Once the relaxant had taken effect we returned to the ultrasound room for the consultant to perform the ECV. The consultant was very honest with me, the chances of success were very low – it was my first pregnancy, I was 37 weeks and the baby was in a frank breech position. All of these factors made it less likely that the baby would turn.

But we gave it a go. I was tilted back on the bed and the consultant got to work, pushing and massaging me really hard while using the ultrasound to watch the position of the baby. It hurt. A lot. I can only describe it as akin to having a really hard sports massage on my stomach. I closed my eyes and concentrated on my up-breathing that I’d learnt in hypnobirthing. I stayed calm and tried to relax – telling myself that the more relaxed I was the more likely the baby would turn.

We gave it several attempts. The consultant was amazed by how calm I was and how long I was willing to put up with the pain for. And it really did hurt but I found the up-breathing really did help. The baby moved half way but for some reason wouldn’t turn all the way. The consultant suggested that it may be that something was stopping the baby, potentially a short umbilical cord (after my c-section the doctor confirmed that there was no obvious reason why R wouldn’t turn, she was clearly just being stubborn).

After the ECV I went back to the assessment ward to be monitored again. I sat for about an hour being monitored, during which time I had a chat with the consultant about my options. We agreed that I would have an unscheduled c-section, ie we would wait for labour to start rather than book a set date. As there is a slightly higher chance of vaginal breech delivery the consultant asked me to come back in for a scan the following week to measure the baby and my pelvis (R arrived two days before this appointment).

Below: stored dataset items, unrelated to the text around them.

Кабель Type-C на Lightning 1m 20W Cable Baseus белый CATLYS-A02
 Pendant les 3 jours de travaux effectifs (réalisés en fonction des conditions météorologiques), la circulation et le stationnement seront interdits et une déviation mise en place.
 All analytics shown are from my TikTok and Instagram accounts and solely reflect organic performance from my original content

After waiting for what felt like forever the midwife came back in to tell me that they still weren’t happy with the baby’s movements following the ECV. She suggested that I go for a break get some lunch and then come back. I hadn’t eaten at all that morning as I wasn’t allowed to eat before the ECV so my energy levels were pretty low and I was glad to get away from the ward as I was starting to worry. Luckily after a sandwich and a drink the baby’s movements picked up and they were happy for me to go home.

I remember after the ECV being upset that it hadn’t been successful, but also feeling quite resolute. This was just the way things would be. I still had hope that the baby would turn before I went into labour but I was more accepting of the possibility that I wouldn’t have a normal vaginal birth. At my next midwife appointment the student midwife who was observing said to me that perhaps this was just how my story was meant to be. I really liked that – one of the most important take aways from hypnobirthing is my body, my birth, my baby, my choice. The experience of having an ECV gave me back my choice.

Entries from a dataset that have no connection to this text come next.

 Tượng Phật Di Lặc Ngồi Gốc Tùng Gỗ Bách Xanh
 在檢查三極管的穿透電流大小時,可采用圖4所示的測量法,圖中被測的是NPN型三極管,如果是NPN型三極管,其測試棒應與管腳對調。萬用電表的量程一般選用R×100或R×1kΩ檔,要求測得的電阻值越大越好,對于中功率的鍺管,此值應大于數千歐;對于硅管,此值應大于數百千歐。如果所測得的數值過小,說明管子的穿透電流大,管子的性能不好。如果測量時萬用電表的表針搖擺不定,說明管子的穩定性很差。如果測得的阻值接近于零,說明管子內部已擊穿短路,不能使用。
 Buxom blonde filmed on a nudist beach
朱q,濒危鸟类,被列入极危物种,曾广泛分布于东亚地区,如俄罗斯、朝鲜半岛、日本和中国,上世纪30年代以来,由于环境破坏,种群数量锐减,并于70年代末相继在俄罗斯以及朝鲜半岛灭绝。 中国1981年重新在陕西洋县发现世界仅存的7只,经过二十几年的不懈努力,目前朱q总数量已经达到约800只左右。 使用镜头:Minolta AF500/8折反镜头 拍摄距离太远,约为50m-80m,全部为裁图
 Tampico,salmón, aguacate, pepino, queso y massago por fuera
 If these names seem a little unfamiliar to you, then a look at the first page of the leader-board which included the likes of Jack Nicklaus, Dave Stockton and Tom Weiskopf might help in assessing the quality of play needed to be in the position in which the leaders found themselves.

By preparing for a c-section when I went for the ECV I was able to come to terms with the possibility that my baby might need to be delivered by c-section. I still wasn’t feeling hugely positive but I’d reached acceptance.

Even though the ECV was painful and caused a fair bit of worry about whether the baby was OK afterwards I would do it again if I was in the same situation. And if you are having an ECV I highly recommend using hypnobirthing breathing to shift your focus from the pain and help you to relax.